Your answer must be an exact copy of the lines below, from the first through the one with "Der Spiegel ist", with no pictures.

Items from a data source

###

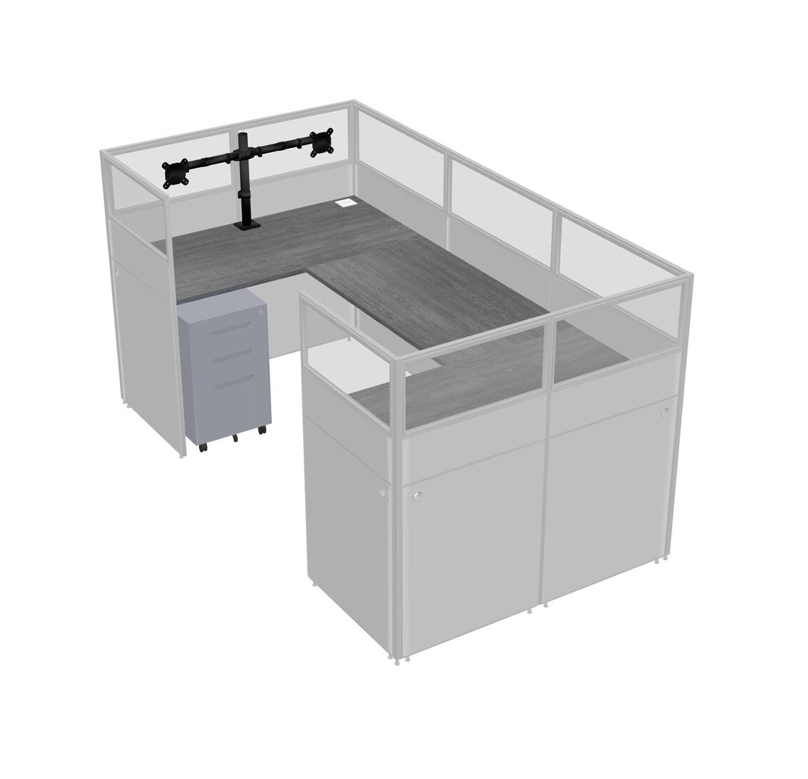 Système De Panneaux En U Gris Pour 1 Personne + Bras D'écran (bras Doubles) + Tiroirs Mobiles En Métal Pour 1 Utilisateur(s)
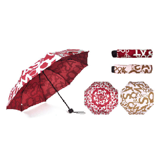 The manual open umbrella is crafted with and accented by allover stylish text. It is integrated with a rugged frame to withstand strong winds. The umbrella protects you from rain while allowing you to stay in style.
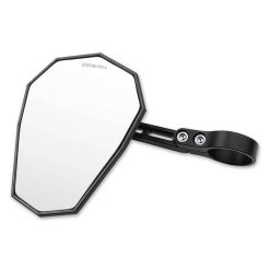 Der Spiegel ist links und rechts verwendbar. Montierbar entweder mit den mitgelieferten Reduzierhülsen direkt am Lenkrohr oder an optional erhältlichen Lenkerenden mit Lenkerendenspiegelaufnahme. (siehe Zubehör)
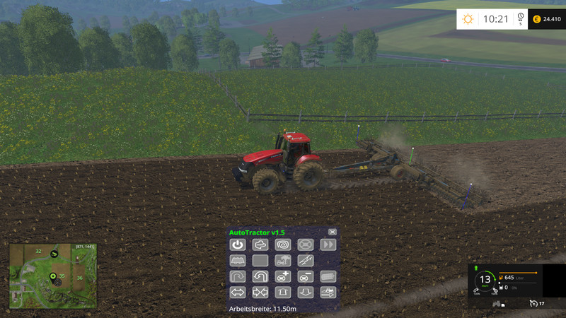 Unfortunately, it happens again and again that frame rates drop. When starting AutoTractor you should make sure that the rear wheels of the tractor are already on the correct field. Concave field margins let the FPS decrease strongly. This problem I have not yet fully under control. Apparently, this phenomenon occurs less strong in circular mode.
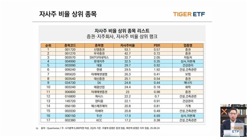 정 본부장은 자사주 비중이 높은 업종으로 지주사와 증권을 꼽았다.
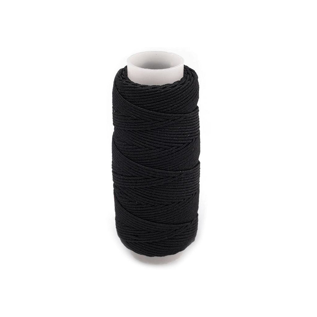 Nit je pružná a kvalitní. Můžete ji použít na navlékání různých druhů perliček nebo ji využít k technice vrapování, tzn. stahování látky pomocí navlečené úzké kulaté gumy.
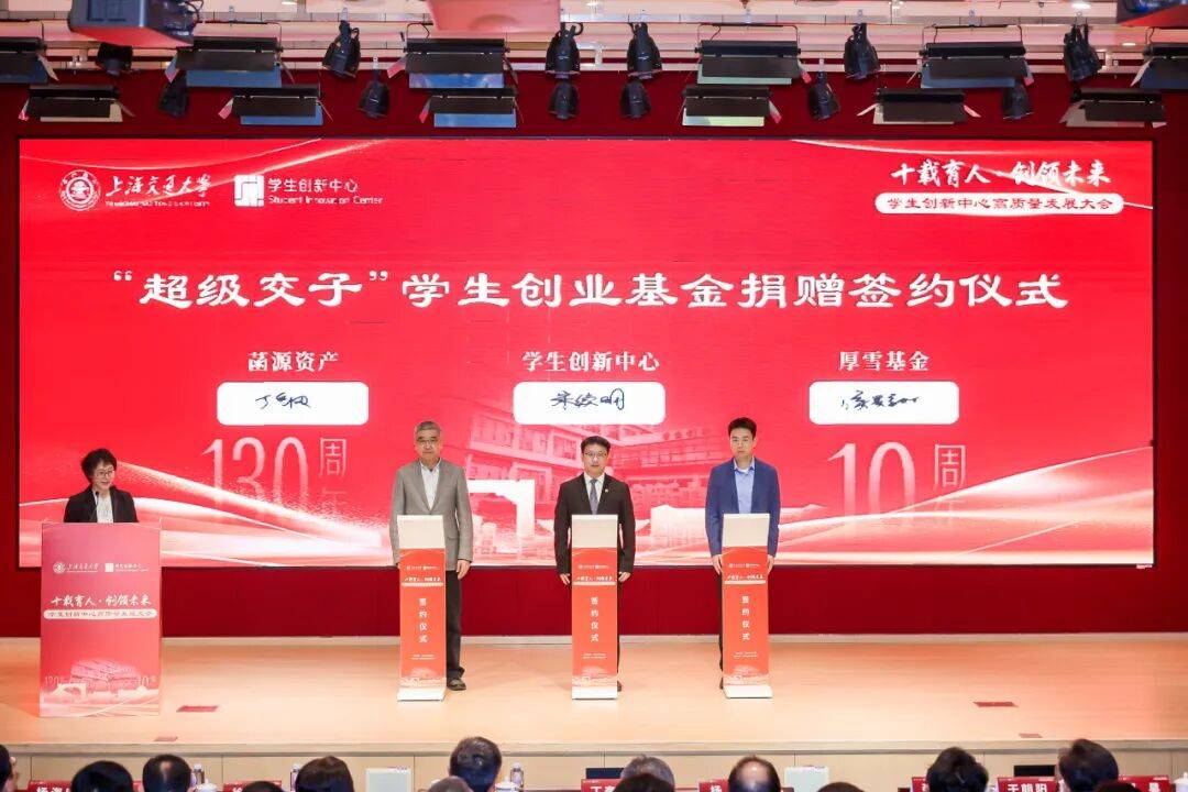 4月10日,在上海交通大学学生创新中心高质量发展大会上,上海交通大学基金会菡源资产合伙人丁钢、厚雪基金总裁侯昊翔、上海交通大学学生创新中心党总支书记宋续明,共同完成了“超级交子(Super J)学生创业种子基金”的捐赠签约。基金部分投资收益将捐赠给交大,用于学校创新创业人才培养,形成“创业培育-成果转化-反哺教育”的良性闭环。
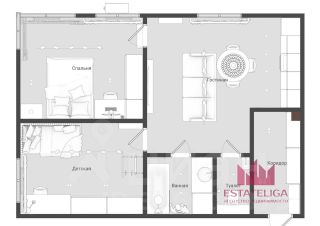 Квартира 2-х комнатная или евро-3, с совмещенной кухней-гостиной, раздельным санузлом, спальней, детской (которая, с учетом электрики, спланирована как для детского, так и для подросткового возраста, так же может служить отдельным кабинетом).
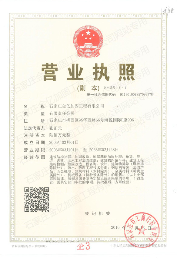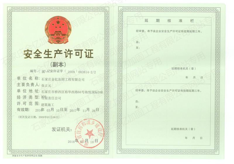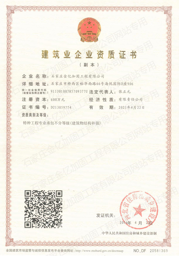 企業(yè)資質(zhì) --- 石家莊金億加固工程有限公司
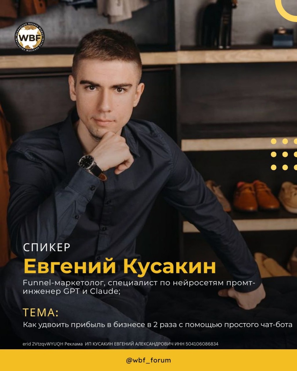 СПИКЕРЫ ВСЕМИРНОГО БИЗНЕС ФОРУМА 🎙 ЕВГЕНИЙ КУСАКИН - Funnel-маркетолог, специалист по нейросетям с 10+ лет опыта в нише funnel-маркетинга и автоматизации; реализовал 850+ автоворонок и ИИ-проектов; промт-инженер GPT и Claude; работал с ТОП-экспертами, онлайн-школами и предпринимателями; через внедренные автоворонки и чат-боты привлек более 293 000 пользователей; помог клиентам заработать свыше 1 млрд рублей с помощью автоворонок и ботов; семьянин, отец, увлекается футболом. ➡️ ТЕМА: Как удвоить прибыль в бизнесе в 2 раза с помощью простого чат-бота ➡️ Контакты Телеграм https://dzen.ru/id/5ac3ddd7dcaf8eabad1efcbf Ютуб https://youtube.com/@ev.kusakin ********** 🎙 СЕРГЕЙ БЕКРЕНЕВ - Серийный предприниматель, общественный деятель, инвестор, кандидат экономических наук; основатель и владелец ELS GROUP, объединяющей ведущие сервисные IT-проекты России: ЕЮС, Теледоктор 24, Налогия, Добросервис, Зелёная планета ELS, ELS бизнес, Digital ВЭД, ELS LAB; создатель преобразующего бизнес-простран

###

▸ **Exercise answer**
 Système De Panneaux En U Gris Pour 1 Personne + Bras D'écran (bras Doubles) + Tiroirs Mobiles En Métal Pour 1 Utilisateur(s)
 The manual open umbrella is crafted with and accented by allover stylish text. It is integrated with a rugged frame to withstand strong winds. The umbrella protects you from rain while allowing you to stay in style.
 Der Spiegel ist links und rechts verwendbar. Montierbar entweder mit den mitgelieferten Reduzierhülsen direkt am Lenkrohr oder an optional erhältlichen Lenkerenden mit Lenkerendenspiegelaufnahme. (siehe Zubehör)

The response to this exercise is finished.